WWD.com/beauty-industry-news/financial/federated-sets-an-open-pitch-to-macy-creditors-1156155/

NEW YORK — Like an eager swain wooing the family of a prospective bride, Federated Department Stores is about to make its case for a merger to Macy’s creditors.

Federated has invited all the key players in the R.H. Macy & Co. Chapter 11 case for a “getting-to-know-you” meeting next Wednesday at the offices here of Jones, Day, Reavis & Pogue, Federated’s lawyers.

After having been rebuffed by Macy management, Federated will now seek acceptance by Macy creditors. It will present its financial picture and list its reasons why a union of the two retail giants would benefit both of them, WWD learned Tuesday.

A Federated spokesman declined comment on the meeting. Federated, which will not present a formal reorganization plan, has met one-on-one with the main creditor groups for a month, but this would be the first time all the top figures — with the exception of Macy’s — would be gathered under one roof. “If somebody is proposing a marriage, they have to tell the other party what’s in the dowry,” said Robert Miller, counsel for Macy’s bondholders’ committee.
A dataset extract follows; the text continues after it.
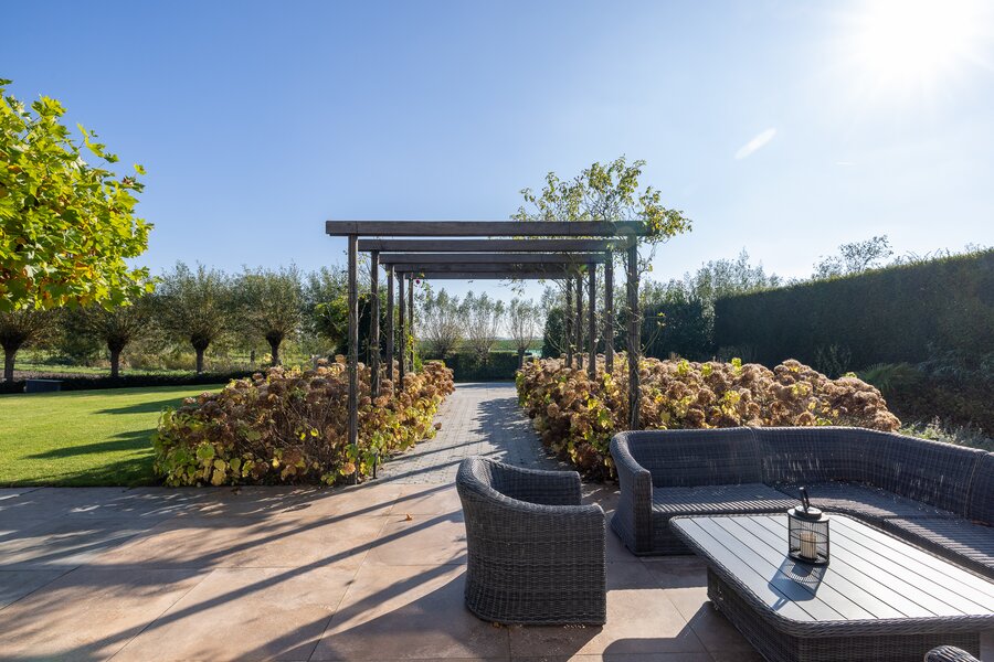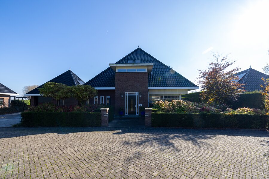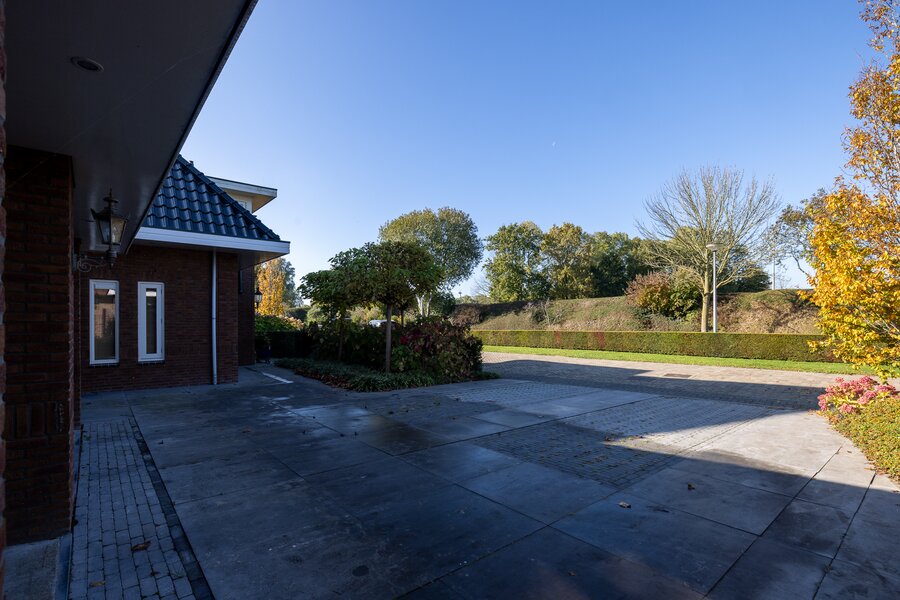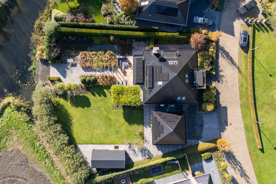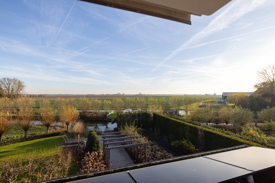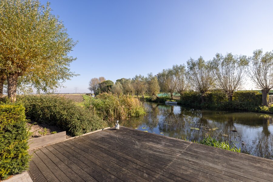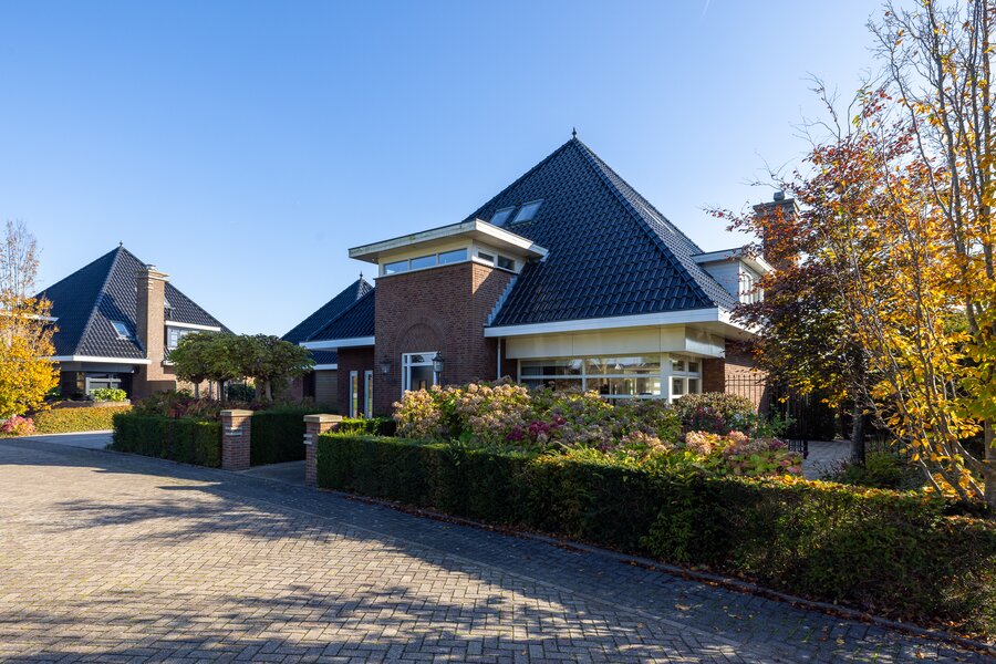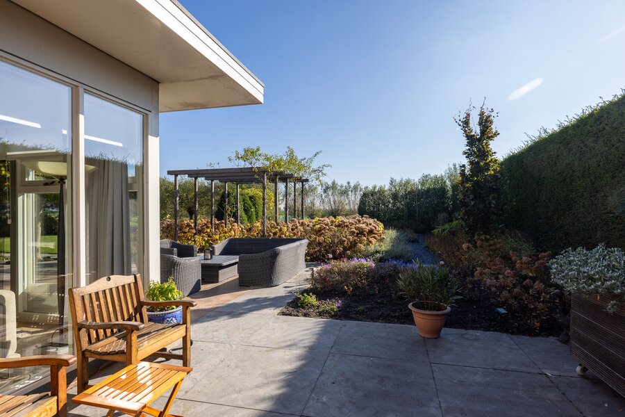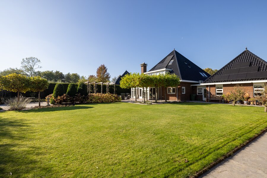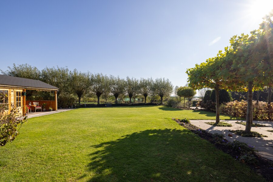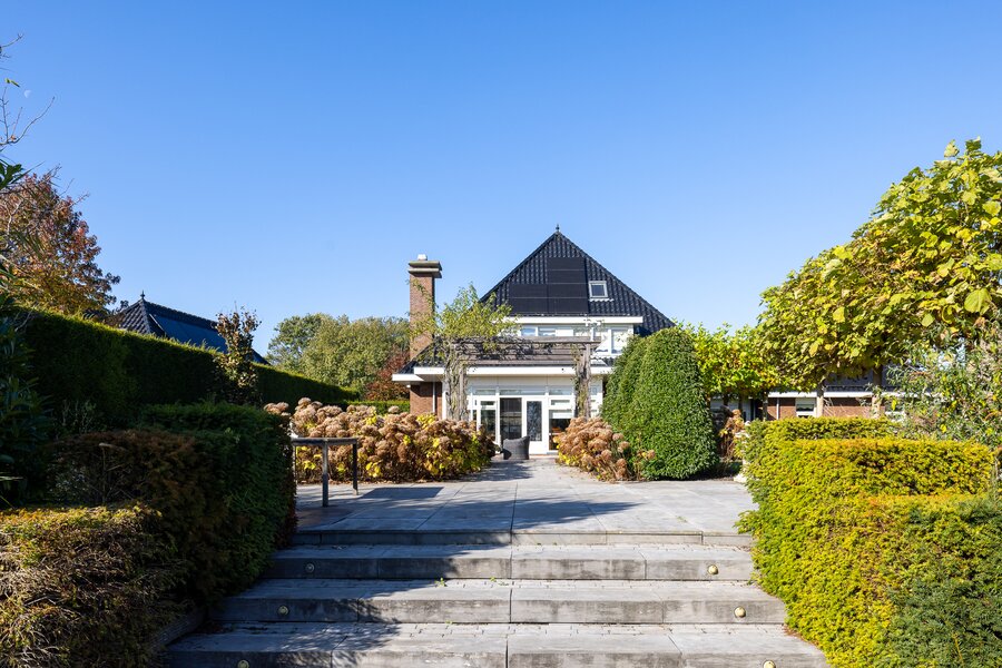 This beautifully situated, detached, spacious 5-room villa with a double garage is set on a 1,695 m² plot with stunning, unobstructed views of the surrounding countryside and bordering a creek. The meticulously landscaped garden surrounds the property and features several terraces, one of which is located by the water. The detached, generously sized storage building with a veranda also offers a delightful spot to enjoy outdoor living.

One source close to the case said he expects Federated to criticize the length of Macy’s reorganization, which is entering its third year.

“They’ve got to bash Macy’s a little,” said the source. “They’ll probably say, ‘We’ve looked at Macy’s business plan, and we don’t think they can get out for another couple of years, but stick with us and we can do it in a year.”‘

Federated became a player in Macy’s reorganization on Jan. 2, when it acquired half of Prudential Insurance Co.’s $1 billion claim secured by mortgages on 70 of Macy’s 110 department stores.

Since the Federated foray, analysts have praised the potential synergy of the combination, but Macy’s has remained cool to the idea.

A Macy’s spokesman downplayed the upcoming meeting.

“Federated has been in contact with these groups in the past, and we assumed they would have contact in the future as well,” the spokesman said. “We continue to believe that rebuilding a strong, independent Macy’s and developing our own plan of reorganization is the best way to create value for our creditors. And that’s exactly what we’re doing.”

Some sources speculated that the meeting was an attempt by Federated to alleviate concern over its weak sales showings in recent months. They noted that the Jan. 17 earthquake in California and bad weather throughout much of the month clobbered sales at most stores. Macy’s eked out a 0.9 percent same-store sales increase. Federated’s same-store sales fell 4.8 percent.

Bankruptcy law prevents Federated from filing a competing reorganization plan at the current time. As reported, Macy’s is expected to file a motion this week for a six-month extension of its exclusive period to propose a reorganization plan. The exclusive period is due to expire March 15, and a hearing is set for Feb. 22 on Macy’s motion before Chief Bankruptcy Judge Burton R. Lifland.

Federated is not expected to object to the request, despite the scheduled parley with Macy’s creditors, sources said.

“Federated will most likely wait until Macy’s puts forth its own plan before making an improved counter offer,” said one source.